The software has only two disadvantages. The first is that it’s hideously difficult to install thanks to the myriad of dependencies (although apt-get on Debian or Fink on OS X go a good way towards lessening the blow). The second is that if you’re using BDB and you’re not careful it can corrupt your repository. Thankfully this corruption isn’t permanent (you can revert it with svnadmin recover) but it’s still very, very annoying.
Happily, a solution exists to problem two. Subversion 1.1 introduces a new storage mechanism called FSFS. The advantages and disadvantages are discussed in this advocacy document, but the key advantages as far as Trac is concerned appear to be “Write access not required for read operations”, “Little or no need for recovery” and “No umask issues”. Switching a BDB Subversion repository over to FSFS is short and painless, and provided you have up-to-date Subversion/Python bindings Trac will be able to access the new repository without needing any other changes at all. I’ve made the switch on my local machine and the weird corruption and performance issues I was having have vanished without a trace.

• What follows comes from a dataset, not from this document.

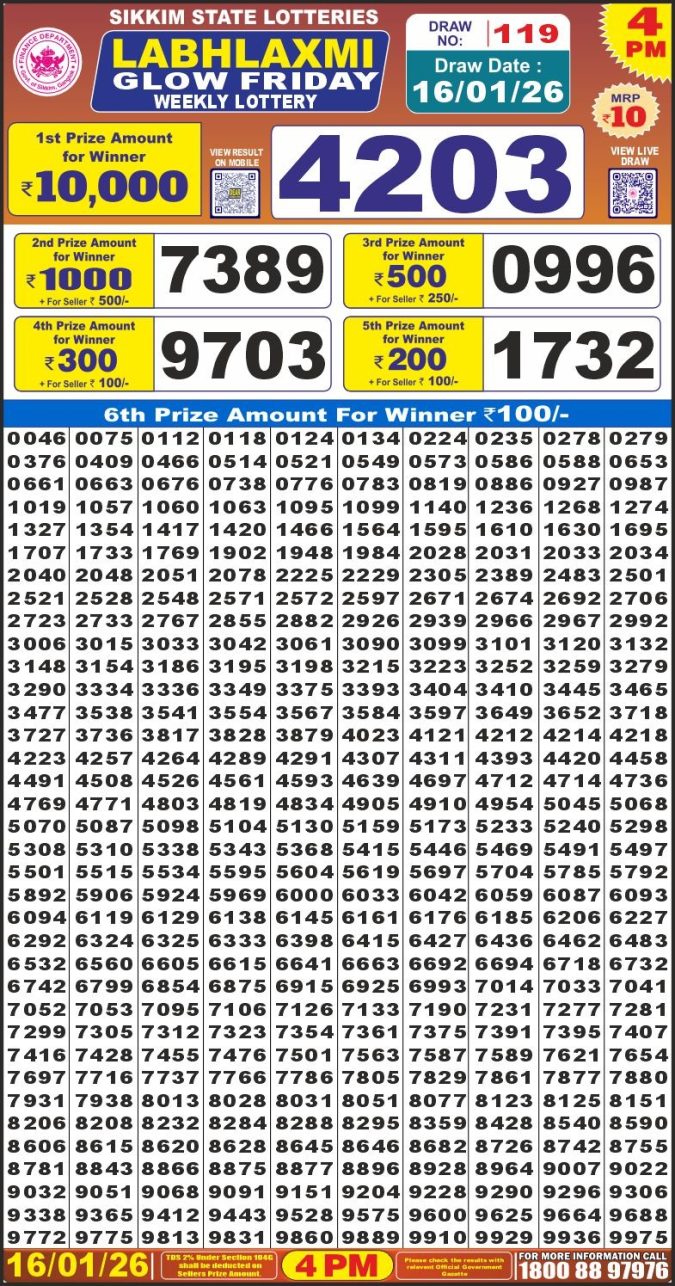 Labh Laxmi Glow Friday Weekly Lottery 4 PM Result 16.01.2026

For the record, the trick to successfully installing Trac with Fink is to make sure it’s pulling from the “unstable” tree. That will give you Subversion 1.1 (with FSFS support) and allow you to install the trac-py23 package which should sort everything out for you. The instructions on the Trac wiki cover the essentials, but be sure not to miss the troubleshooting note about using a custom shell script in place of the regular trac.cgi.